Os cinco primeiros meses de 2026 trouxe para nós, profissionais da contabilidade, a certeza de algo que já está consolidado e que não pode mais ser tratado como uma tendência efêmera: a de que a Contabilidade brasileira vive um novo momento, momento este marcado pela modernização, pela internacionalização de suas atividades, pela valorização cada vez maior da classe contábil, pelo fortalecimento institucional e, sobretudo, pela compreensão de que o conhecimento precisa, necessariamente, ocupar lugar central nas ações que impactam a sociedade.
É nesse imenso cenário de diversas nuances e contextos que a atuação das Academias de Ciências Contábeis pelo Brasil afora tem se mostrado cada vez mais estratégica.
No caso da Abracicon, inúmeras foram as ações que ganharam vida nesse ano de 2026.
Além de nossas tradicionais reuniões institucionais, como a Assembleia Geral realizada em Brasília, que marcou a eleição da nova Diretoria para o quadriênio 2026/2029, também passaram a integrar definitivamente a agenda institucional da Abracicon temas importantes, como inteligência artificial, convergência internacional, sustentabilidade, atração de talentos e transformação digital.
Ao longo desse período, os movimentos conduzidos pela Academia revelam uma atuação marcante em missões internacionais e seminários estratégicos, demonstrando que a Contabilidade brasileira deixou de ocupar apenas espaços técnicos nacionais para assumir também um papel relevante nos fóruns globais sobre governança, sustentabilidade, inovação e transparência.
Além dos eventos realizados no Brasil, as conexões internacionais protagonizaram a nossa presença em Orlando e Lisboa, trazendo-nos a clareza de que a Contabilidade brasileira busca ocupar, cada vez mais, uma aproximação com entidades das Américas e da Europa, demonstrando maturidade institucional e visão estratégica.

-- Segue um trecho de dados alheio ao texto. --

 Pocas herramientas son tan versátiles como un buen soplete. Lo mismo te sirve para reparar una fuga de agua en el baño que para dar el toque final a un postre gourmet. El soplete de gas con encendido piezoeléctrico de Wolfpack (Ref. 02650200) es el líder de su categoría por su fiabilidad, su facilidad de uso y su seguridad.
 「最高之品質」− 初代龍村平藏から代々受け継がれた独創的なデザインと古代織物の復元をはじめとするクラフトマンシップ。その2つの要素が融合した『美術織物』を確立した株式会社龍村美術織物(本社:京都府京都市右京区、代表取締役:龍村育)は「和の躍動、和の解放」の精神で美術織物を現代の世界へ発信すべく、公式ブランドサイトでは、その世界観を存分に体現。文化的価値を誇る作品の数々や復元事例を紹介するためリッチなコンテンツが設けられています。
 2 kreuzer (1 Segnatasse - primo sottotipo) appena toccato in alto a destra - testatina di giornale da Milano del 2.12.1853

Nessa linha, nossa agenda incluiu os lançamentos do podcast Saber Contábil em Movimento e da 3ª edição do Prêmio Saber Contábil, além da crescente integração entre as academias estaduais.

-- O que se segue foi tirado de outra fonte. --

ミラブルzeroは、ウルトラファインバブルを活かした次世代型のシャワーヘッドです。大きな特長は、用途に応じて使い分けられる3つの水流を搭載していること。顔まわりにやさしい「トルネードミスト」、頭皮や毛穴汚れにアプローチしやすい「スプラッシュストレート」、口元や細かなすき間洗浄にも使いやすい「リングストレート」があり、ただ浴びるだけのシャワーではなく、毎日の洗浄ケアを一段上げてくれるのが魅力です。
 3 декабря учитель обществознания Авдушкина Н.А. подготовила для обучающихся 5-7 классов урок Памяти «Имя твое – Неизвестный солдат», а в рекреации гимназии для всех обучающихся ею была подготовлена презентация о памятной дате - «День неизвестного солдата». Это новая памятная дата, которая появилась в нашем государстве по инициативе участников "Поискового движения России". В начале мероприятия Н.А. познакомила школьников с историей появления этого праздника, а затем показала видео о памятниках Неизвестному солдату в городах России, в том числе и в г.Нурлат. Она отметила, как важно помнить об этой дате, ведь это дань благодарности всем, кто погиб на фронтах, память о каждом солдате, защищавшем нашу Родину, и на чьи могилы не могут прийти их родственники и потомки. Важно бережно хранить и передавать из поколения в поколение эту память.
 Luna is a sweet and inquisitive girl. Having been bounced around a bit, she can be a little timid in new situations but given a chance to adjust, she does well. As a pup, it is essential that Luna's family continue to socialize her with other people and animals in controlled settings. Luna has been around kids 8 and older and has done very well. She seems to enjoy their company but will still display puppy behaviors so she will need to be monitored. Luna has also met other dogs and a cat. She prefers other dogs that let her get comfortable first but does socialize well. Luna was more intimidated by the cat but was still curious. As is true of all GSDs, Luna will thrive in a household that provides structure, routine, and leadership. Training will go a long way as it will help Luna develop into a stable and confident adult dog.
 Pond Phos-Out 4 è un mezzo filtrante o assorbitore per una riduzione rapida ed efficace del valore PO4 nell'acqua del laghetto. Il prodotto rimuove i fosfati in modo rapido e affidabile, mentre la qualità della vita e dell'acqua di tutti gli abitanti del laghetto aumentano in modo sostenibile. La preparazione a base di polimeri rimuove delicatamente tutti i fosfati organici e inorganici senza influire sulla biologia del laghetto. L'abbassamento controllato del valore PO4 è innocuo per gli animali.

Essas iniciativas reforçam que não há fortalecimento institucional sem produção de conhecimento, assim como não existe profissão forte sem ciência e educação continuada. Mas entendo que o aspecto mais simbólico desse movimento seja a capacidade de união.
A Abracicon, os Conselhos de Contabilidade, as entidades representativas da classe contábil e as academias estaduais vêm demonstrando que o fortalecimento da profissão depende, antes de tudo, de uma harmoniosa convivência.
O Seminário de Planejamento Estratégico do Sistema CFC/CRCs evidenciou exatamente isso: integração institucional não é apenas discurso, mas condição necessária para os próximos passos rumo ao futuro.
A posse do contador Joaquim de Alencar Bezerra Filho na presidência do Conselho Federal de Contabilidade também simboliza o início de uma nova etapa, marcada pelo desafio de fortalecer ainda mais a representatividade da classe e ampliar o diálogo entre ciência, mercado, academia e sociedade.
Ao mesmo tempo, a atuação das academias estaduais (de Sergipe ao Amazonas, do Piauí ao Rio de Janeiro, de Minas Gerais ao Espírito Santo) demonstra que a produção científica e o pensamento contábil não se concentram mais em poucos centros, mas existe um movimento nacional de fortalecimento intelectual, cultural e institucional que amplia horizontes e democratiza oportunidades.
Mas, mais do que celebrar eventos, posses ou agendas institucionais, o que se testemunha neste momento é a consolidação de uma Contabilidade brasileira mais madura, mais integrada, mais científica e cada vez mais consciente de seu papel estratégico no desenvolvimento econômico e social do país.